The following general principles apply regardless of the language that you use to implement the algorithm:
- Use simulation to construct test data of varying sizes. By simulating data, you can easily vary the size of the size while preserving distributional characteristics. For example, you might want to test an algorithm on data that are normally distributed and contain 25, 50, 75, and 100 thousand observations. (Each language has different techniques to simulate data efficiently. For SAS software, see Simulating Data with SAS.)
- Vary the distribution of the test data. Concentrate mainly on how the algorithm performs on typical data, but also test examples of "best case" and "worst case" scenarios for which the algorithm might run very quickly or very slowly. If the performance is affected by other factors such as the proportion of outliers or missing values, then include those factors in the study.
- If possible, construct timing tests that run between 0.1 and 1 seconds. This length is long enough to be reliably measured but short enough that you can run many tests. If you try to time very short intervals (less than a millisecond), you will discover that the operating system constantly performs unrelated background tasks that can interfere with your timings, which leads to noisy measurements. For ultra-short intervals (less than a microsecond), you can encounter an "uncertainty principle" phenomena in which the very act measuring the performance of an algorithm affects the performance that you are trying to measure.
- To reduce timing noise, call the routine multiple times and report the mean or median. If the performance can vary greatly (±20% or more), report the distribution of times by using quantiles or by displaying a box plot.

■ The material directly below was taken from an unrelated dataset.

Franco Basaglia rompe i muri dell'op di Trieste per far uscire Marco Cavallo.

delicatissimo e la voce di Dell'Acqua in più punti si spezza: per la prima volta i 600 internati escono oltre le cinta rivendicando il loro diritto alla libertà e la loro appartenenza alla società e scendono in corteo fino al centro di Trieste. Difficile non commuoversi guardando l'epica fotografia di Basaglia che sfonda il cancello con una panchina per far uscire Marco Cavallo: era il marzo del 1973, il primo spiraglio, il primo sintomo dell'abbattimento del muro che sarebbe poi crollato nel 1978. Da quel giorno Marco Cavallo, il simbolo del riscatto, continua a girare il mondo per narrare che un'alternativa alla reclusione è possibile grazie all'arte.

- Use a "burn-in" call to reduce the impact of overhead costs. The first time a routine is called, it might require the operating system to load DLLs or allocate a huge block of memory. When the routine is called a second time, the operating system might have cached the needed information. If so, subsequent calls could be considerably faster than the first.

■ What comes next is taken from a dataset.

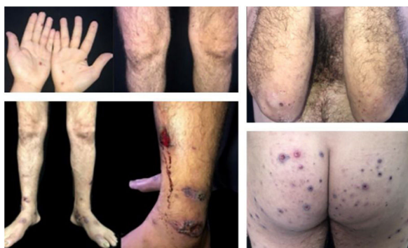
Figura 1 Lesões purpúricas nas mãos, lesões papulopustulosas, purpúricas e ulceronecroticas nos membros inferiores e lesões ulceronecroticas na região glútea e cotovelo.

- Use a line plot or box plots to present the performance results, where the vertical axis represents time and the horizontal axis represents the size of the data. If the performance characteristics depend on other factors, you can represent those factors by overlaying multiple lines or by constructing a panel of graphs.

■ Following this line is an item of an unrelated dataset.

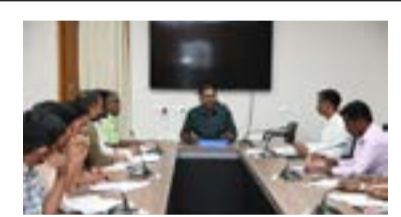
తాగునీటి సమస్య తలెత్తకుండా పటిష్ట చర్యలు తీసుకోవాలి

Timing the performance of algorithms in SAS/IML
This article is motivated by an R programmer who was trying to find the fastest way (on average) to check whether a vector contains more than one unique value. The programmer was timing the performance of five different methods in R in hopes of finding the fastest. I will use the same example, but will examine only two SAS/IML methods:
- The ALL function in the SAS/IML language tests whether all elements of a vector are equal to some specified value. Thus the expression ALL(x = x[1]) is true only when all elements of a vector are the same.
- The UNIQUE function in the SAS/IML language returns an ordered list of the distinct elements of a vector. Thus the expression (ncol(UNIQUE(x))=1) is true only when a vector contains one distinct value.
The ALL function should be fast to discard non-constant vectors because it a "short-circuiting" operation. That is, as soon as it detects two different values, it returns 0 (false). If you have a vector with 100,000 elements, the ALL function might only examine a small number of elements to determine that the vector is not constant. In contrast, the UNIQUE function should be relatively slow: it always examines all the elements, and it allocates memory to return a sorted list of all unique values.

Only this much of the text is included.